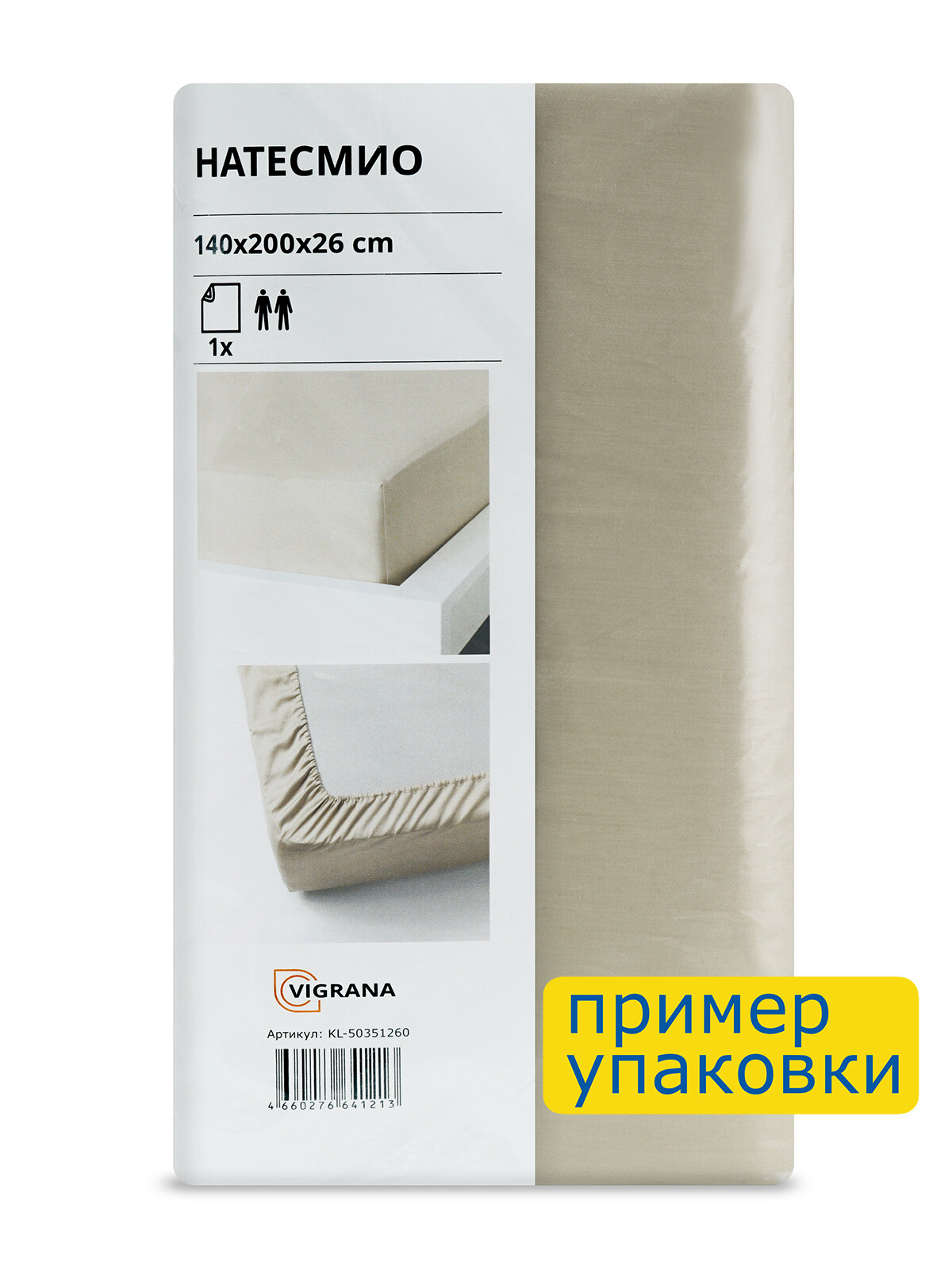 Простыня на резинке 140x200 натесмио (икеа NATTJASMIN) светло-бежевый сатин, лиоцелл KL-40442732
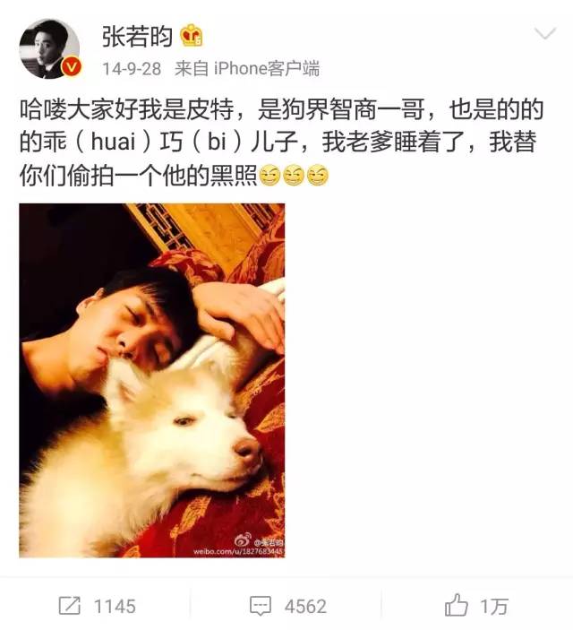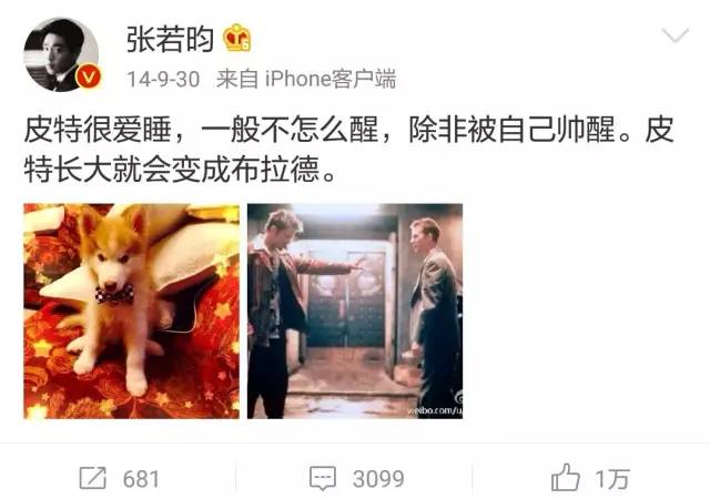 除了张若昀唐艺昕两人用狗狗名字暗暗发糖,章子怡有一次也用狗狗秀了个含蓄低调的恩爱。爱犬小拇哥在她微博上存在感很强的~
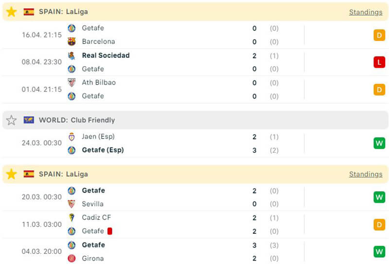 Phong độ thi đấu giữa Mallorca vs Getafe
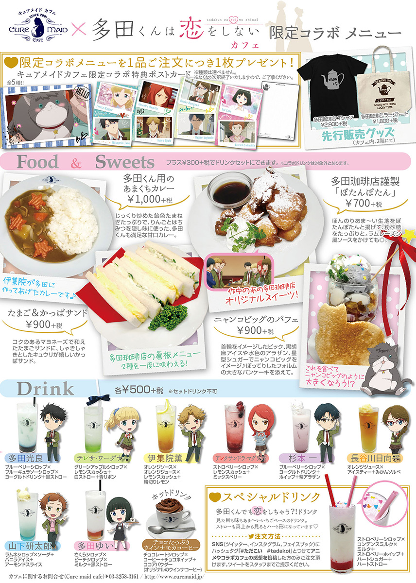 多田珈琲店へようこそ!多田くんも恋をしちゃう(?!)TVアニメ『多田くんは恋をしない』のコラボカフェがキュアメイドカフェで開催決定! 今回のカフェではコラボメニューをなんと全14種類もご用意しちゃいました。
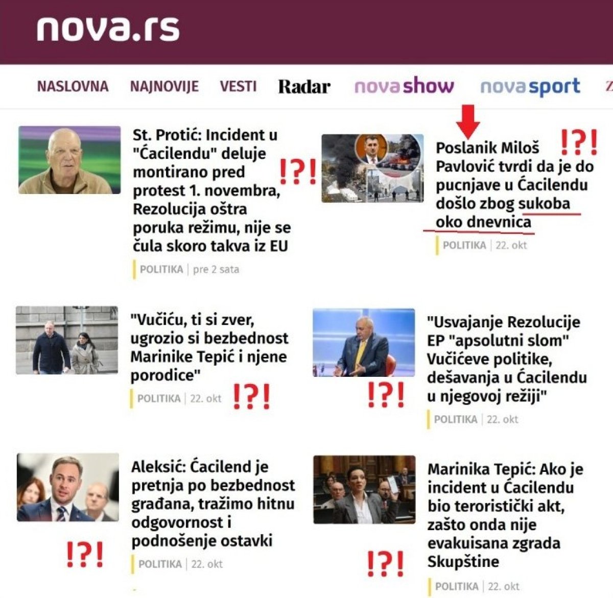 Sajt NovaS je 22. i 23.10.2025. godine objavio sledeće idiotske naslove:
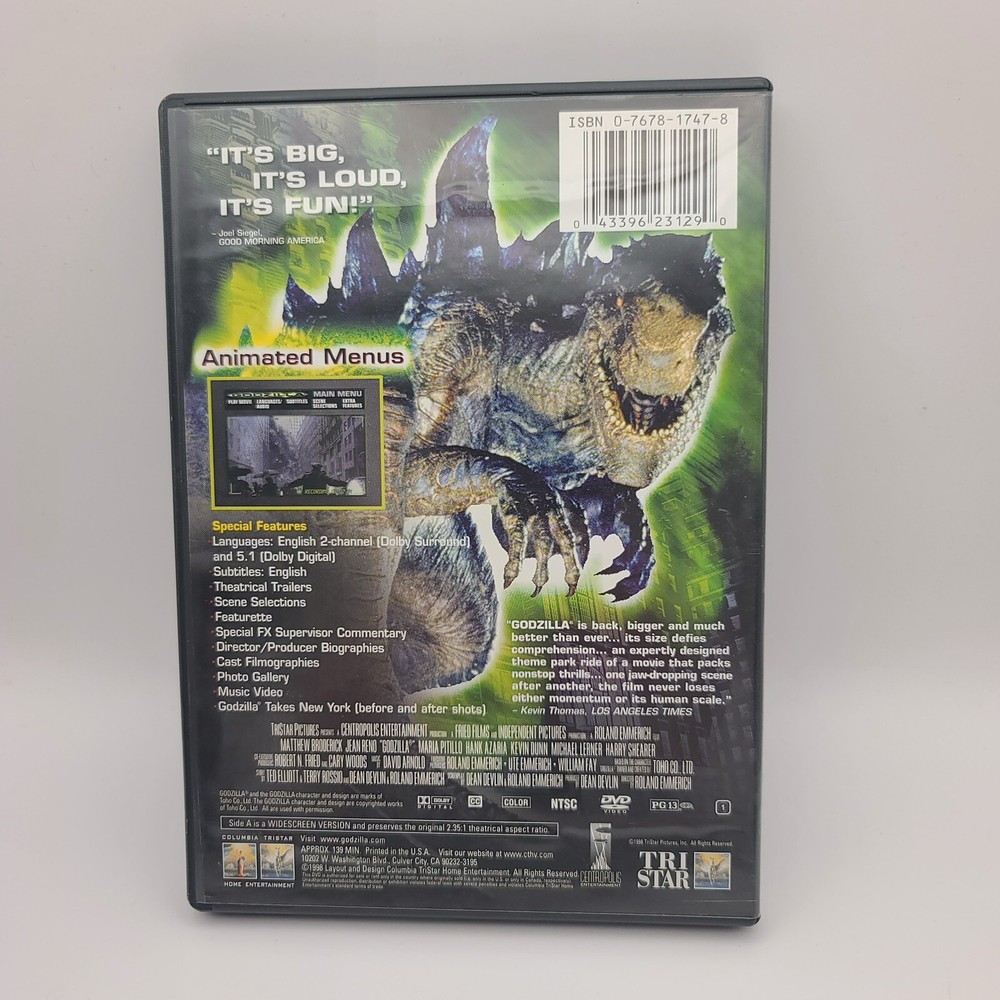 Delve into the thrilling world of "Godzilla (1998 film)" with this Special Edition DVD Deluxe Widescreen Edition. Experience the action-packed adventure in stunning widescreen format, enhanced with exclusive special features that bring you closer to the making of this cinematic masterpiece. Sony Pictures has crafted a memorable journey through the lens of disaster, creatures, and fantasy, making it a must-have for fans of the genre. Join Matthew Broderick as he brings to life the iconic monster that reigns chaos in this PG-13 rated adventure. This DVD comes packed with additional features including a behind-the-scenes featurette and commentary that provide an in-depth look at the creation and impact of one of the most beloved creatures in movie history. Whether you're a Godzilla aficionado or a newcomer to the saga, this edition is a comprehensive exploration of the 1998 classic.
....
Exactly as they stand, the entries must be written out again, pictures excluded.

 Простыня на резинке 140x200 натесмио (икеа NATTJASMIN) светло-бежевый сатин, лиоцелл KL-40442732
 除了张若昀唐艺昕两人用狗狗名字暗暗发糖,章子怡有一次也用狗狗秀了个含蓄低调的恩爱。爱犬小拇哥在她微博上存在感很强的~
 Phong độ thi đấu giữa Mallorca vs Getafe
 多田珈琲店へようこそ!多田くんも恋をしちゃう(?!)TVアニメ『多田くんは恋をしない』のコラボカフェがキュアメイドカフェで開催決定! 今回のカフェではコラボメニューをなんと全14種類もご用意しちゃいました。
 Sajt NovaS je 22. i 23.10.2025. godine objavio sledeće idiotske naslove:
 Delve into the thrilling world of "Godzilla (1998 film)" with this Special Edition DVD Deluxe Widescreen Edition. Experience the action-packed adventure in stunning widescreen format, enhanced with exclusive special features that bring you closer to the making of this cinematic masterpiece. Sony Pictures has crafted a memorable journey through the lens of disaster, creatures, and fantasy, making it a must-have for fans of the genre. Join Matthew Broderick as he brings to life the iconic monster that reigns chaos in this PG-13 rated adventure. This DVD comes packed with additional features including a behind-the-scenes featurette and commentary that provide an in-depth look at the creation and impact of one of the most beloved creatures in movie history. Whether you're a Godzilla aficionado or a newcomer to the saga, this edition is a comprehensive exploration of the 1998 classic.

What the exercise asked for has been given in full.